(Collected data)
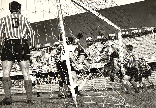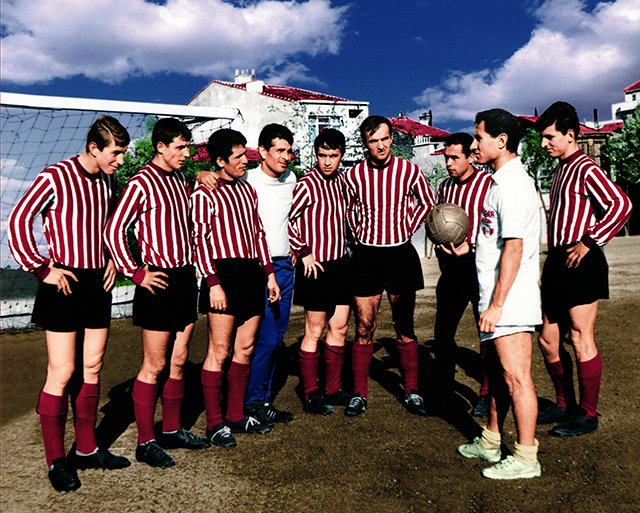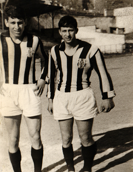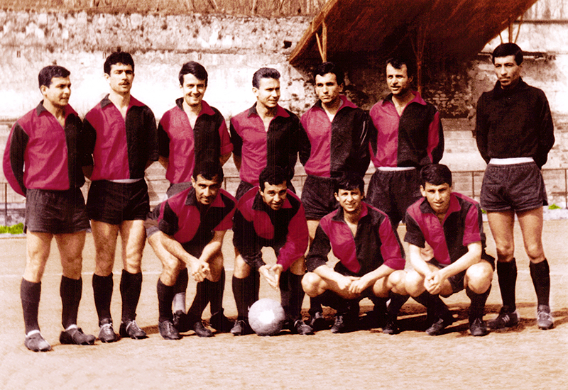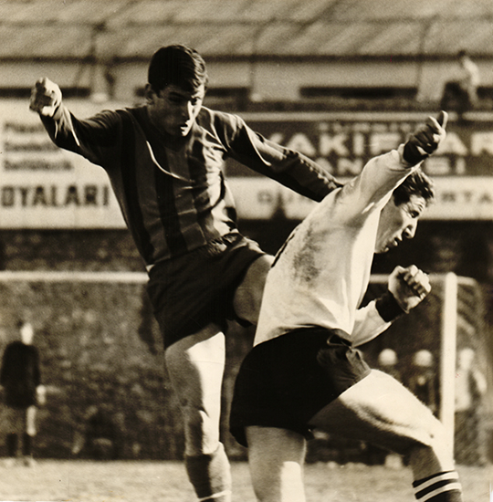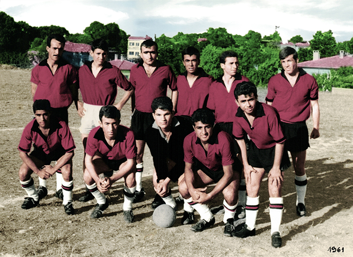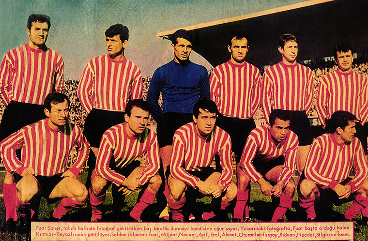 “Karagümrük genç takımı bir sene sürdü. İkinci sene gitmedim. Ne antrenman var ne bir şey. Ben de zaten lisede okuyorum. Hadi gel deseler belki gidemeyeceğim antrenmana. Sonra bir kez gittim. İşte şu resim (aşağıda) takım kaptanı olduğum maç. Bir maç oynadım sadece çünkü okuldan sonra çalışıyordum. Florya Deniz Kulübü vardı, başkanı da Yeni Sabah gazetesinin sahibi Safa Kılıçlıoğlu’ydu. Kış ayları, alıyordum elime makbuzu, oradaki üyelere gidip aidat topluyordum. Deniz kenarında çok güzel bir yerdi, Güneş plajının hemen yanında. Yazın denize giren üyelerden oranın yaşaması için giriş parası alıyorduk. Kışın da iyi havalarda gelip oyun oynuyorlardı. Ben mecburen gidiyorum oraya. Kış sezonunda aşçı filan yok; bekçinin hanımı bir şeyler hazırlıyor, ben de patatesleri filan soyuyorum. Böyle bir çalışma içindeyim ve 16 yaşındayım. O yüzden ikinci sene genç takıma gitmedim hiç. Şenlikköy’deki takımıma bile yetişemiyordum. Bir sene oynamadım gibi bir şey. Dediler ki, ‘Böyle olmaz, sen A takımda oynayacak adamsın’. İyi de ben çalışıyorum, eve katkıda bulunuyorum. 300 lira maaş alıyordum. ‘Tamam biz vereceğiz,’ dediler. O şekilde iki sene Karagümrük A takımında oynadım.”
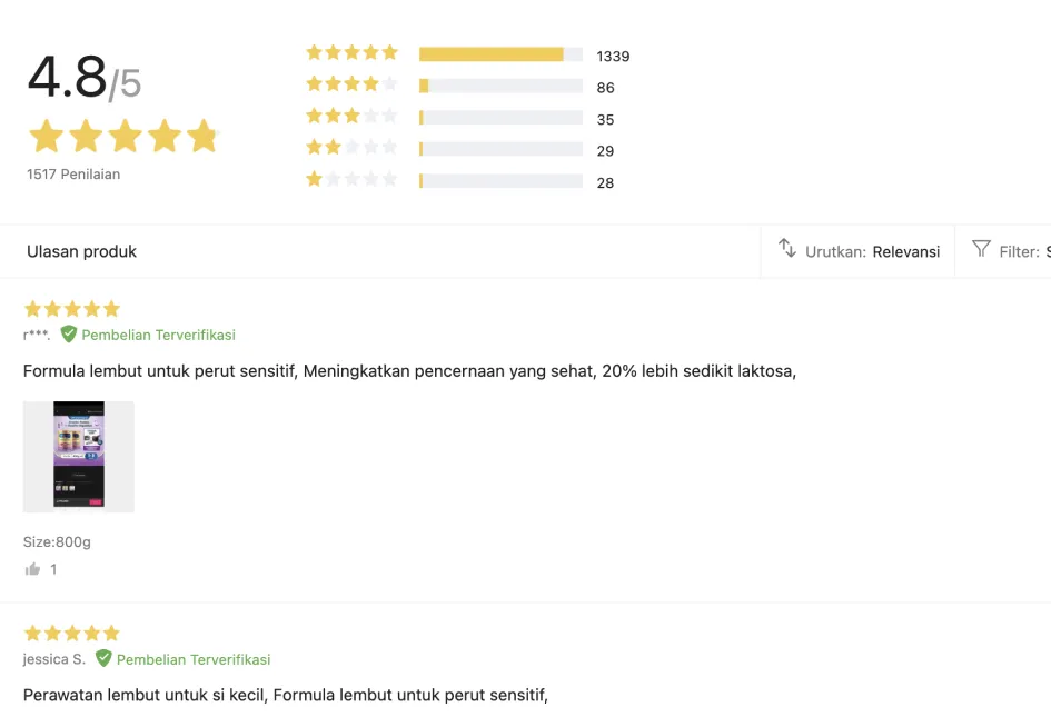 You can sort reviews by: 'Relevant' (Lazada's default), 'Recent' (newest first), 'Rating: High to Low', or 'Rating: Low to High'. This allows you to analyze feedback from multiple angles.
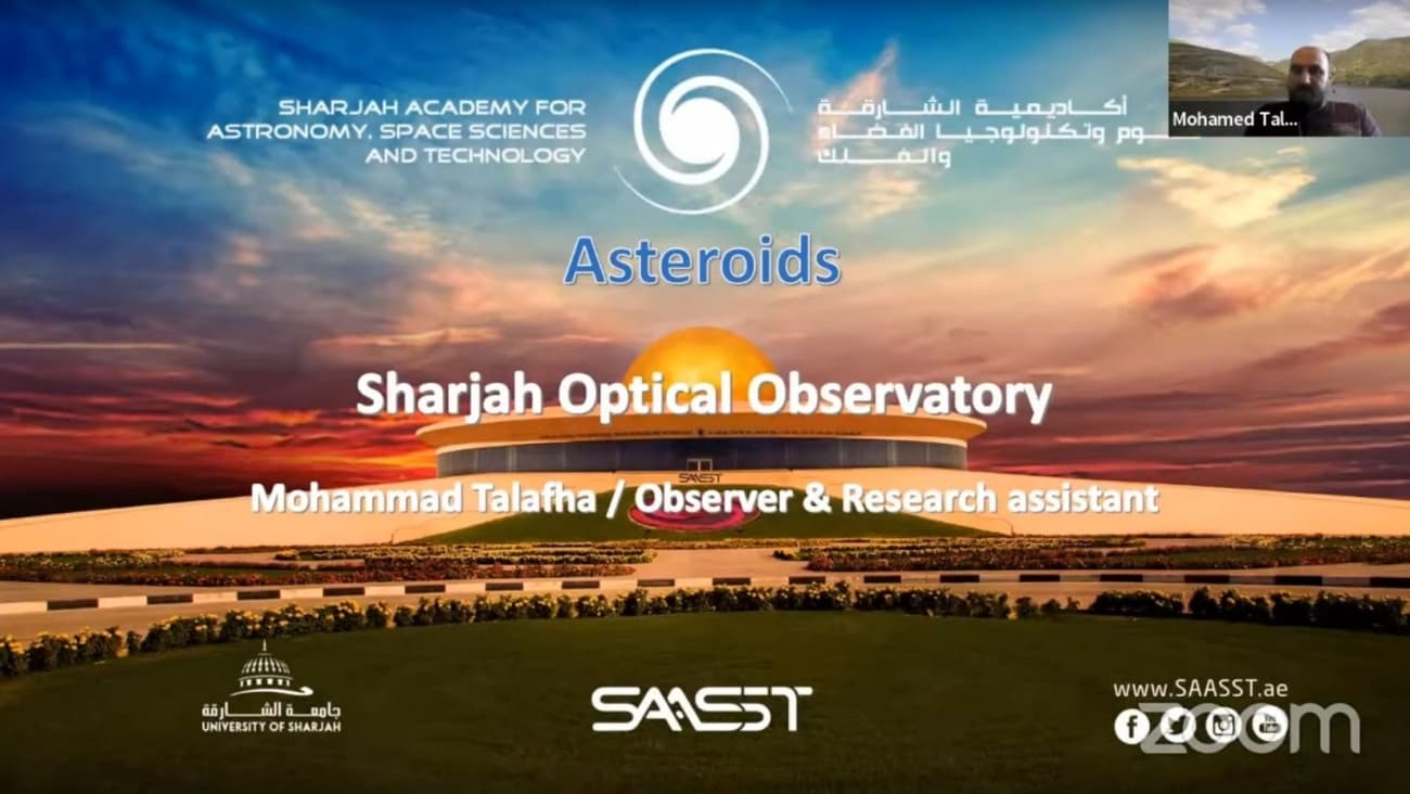 The Sharjah Academy for Astronomy, Space Sciences, and Technology organized an online general lecture ‘Asteroids” on Jan. 26, 2022. The lecture was given by the research assistant Mr. Mohamed Talafha. Mr. Talafha is also the main astronomical observer at the SAASST Sharjah Optical Observatory. Asteroids are mainly those rocks in between the orbits of Mars and Jupiter. They are considered to be the leftover of the formation of the solar system.
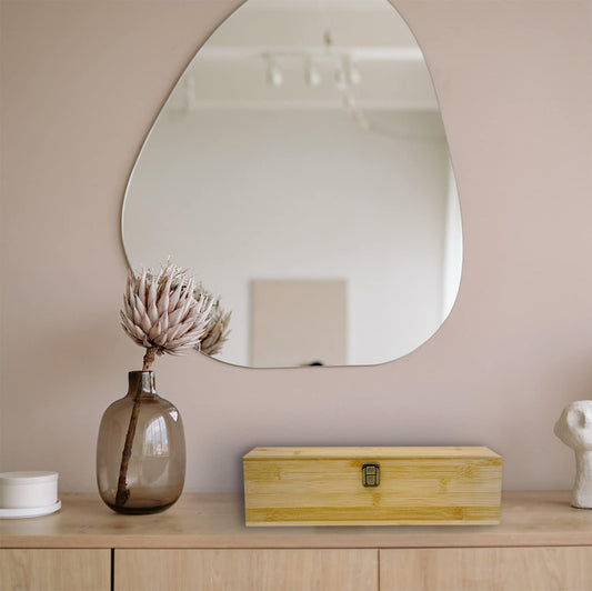Tea Organizer Box 7.4" x 8.1" x 4.2" Bamboo Wood Organizer Storage Chest 4 Tall Adjustable Slots 100% Handmade Eco-Friendly Natural Kitchen Décor
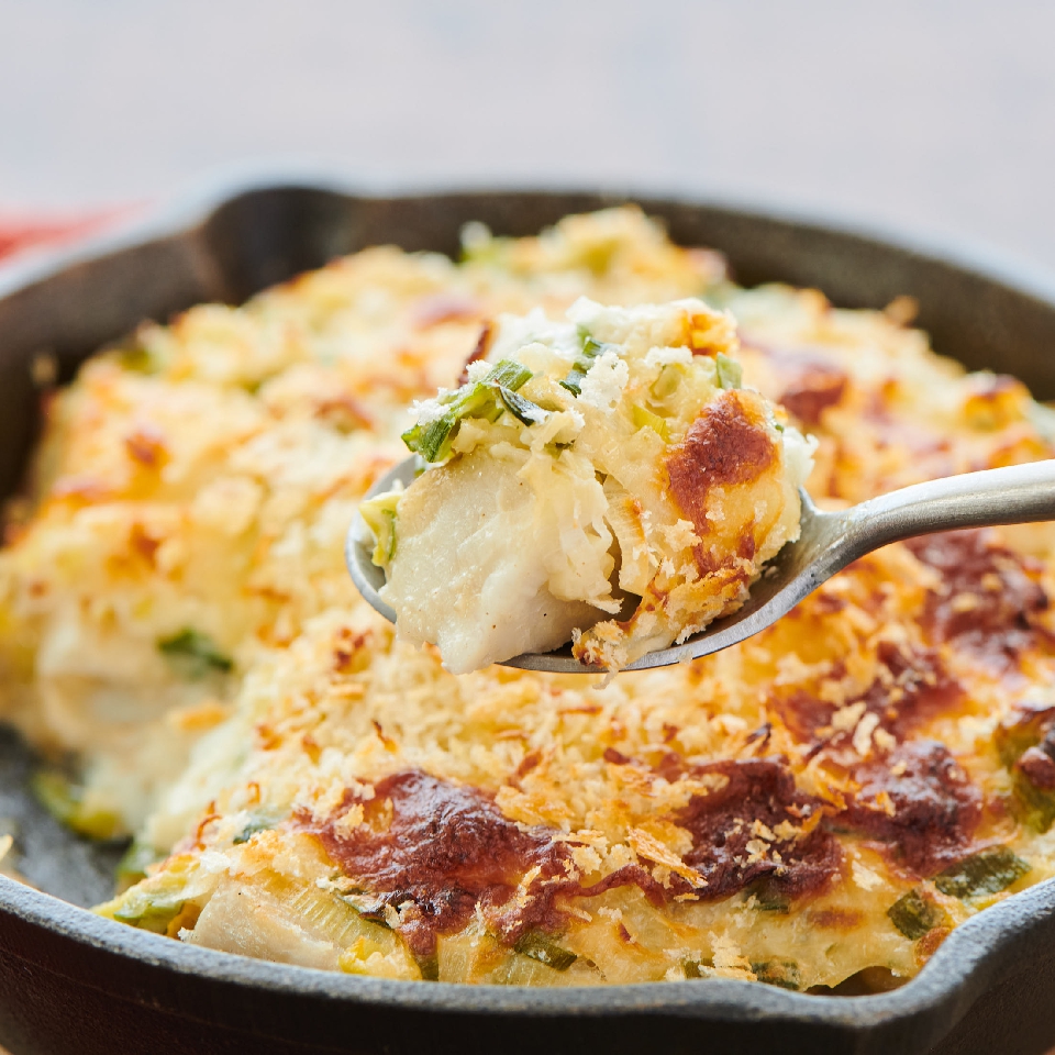 長ネギを薄く輪切りにし、バターで炒めて小麦粉、牛乳を加え、ホワイトソースを作ります。コンソメの代わりに粒みそを入れて味を整えたら、電子レンジ加熱した里芋と、バターで軽く焼いた鱈を耐熱容器に並べ、そこにも粒みそをぱらぱらとかけます。その上に長ネギのホワイトソース、シュレッドチーズ、パン粉を乗せて、オーブンでこんがり焼き色が付くまで焼いたらできあがり。

## The problem
From the first line to the last, repeat the data above exactly and leave the pictures out.

## Written response
 “Karagümrük genç takımı bir sene sürdü. İkinci sene gitmedim. Ne antrenman var ne bir şey. Ben de zaten lisede okuyorum. Hadi gel deseler belki gidemeyeceğim antrenmana. Sonra bir kez gittim. İşte şu resim (aşağıda) takım kaptanı olduğum maç. Bir maç oynadım sadece çünkü okuldan sonra çalışıyordum. Florya Deniz Kulübü vardı, başkanı da Yeni Sabah gazetesinin sahibi Safa Kılıçlıoğlu’ydu. Kış ayları, alıyordum elime makbuzu, oradaki üyelere gidip aidat topluyordum. Deniz kenarında çok güzel bir yerdi, Güneş plajının hemen yanında. Yazın denize giren üyelerden oranın yaşaması için giriş parası alıyorduk. Kışın da iyi havalarda gelip oyun oynuyorlardı. Ben mecburen gidiyorum oraya. Kış sezonunda aşçı filan yok; bekçinin hanımı bir şeyler hazırlıyor, ben de patatesleri filan soyuyorum. Böyle bir çalışma içindeyim ve 16 yaşındayım. O yüzden ikinci sene genç takıma gitmedim hiç. Şenlikköy’deki takımıma bile yetişemiyordum. Bir sene oynamadım gibi bir şey. Dediler ki, ‘Böyle olmaz, sen A takımda oynayacak adamsın’. İyi de ben çalışıyorum, eve katkıda bulunuyorum. 300 lira maaş alıyordum. ‘Tamam biz vereceğiz,’ dediler. O şekilde iki sene Karagümrük A takımında oynadım.”
 You can sort reviews by: 'Relevant' (Lazada's default), 'Recent' (newest first), 'Rating: High to Low', or 'Rating: Low to High'. This allows you to analyze feedback from multiple angles.
 The Sharjah Academy for Astronomy, Space Sciences, and Technology organized an online general lecture ‘Asteroids” on Jan. 26, 2022. The lecture was given by the research assistant Mr. Mohamed Talafha. Mr. Talafha is also the main astronomical observer at the SAASST Sharjah Optical Observatory. Asteroids are mainly those rocks in between the orbits of Mars and Jupiter. They are considered to be the leftover of the formation of the solar system.
Tea Organizer Box 7.4" x 8.1" x 4.2" Bamboo Wood Organizer Storage Chest 4 Tall Adjustable Slots 100% Handmade Eco-Friendly Natural Kitchen Décor
 長ネギを薄く輪切りにし、バターで炒めて小麦粉、牛乳を加え、ホワイトソースを作ります。コンソメの代わりに粒みそを入れて味を整えたら、電子レンジ加熱した里芋と、バターで軽く焼いた鱈を耐熱容器に並べ、そこにも粒みそをぱらぱらとかけます。その上に長ネギのホワイトソース、シュレッドチーズ、パン粉を乗せて、オーブンでこんがり焼き色が付くまで焼いたらできあがり。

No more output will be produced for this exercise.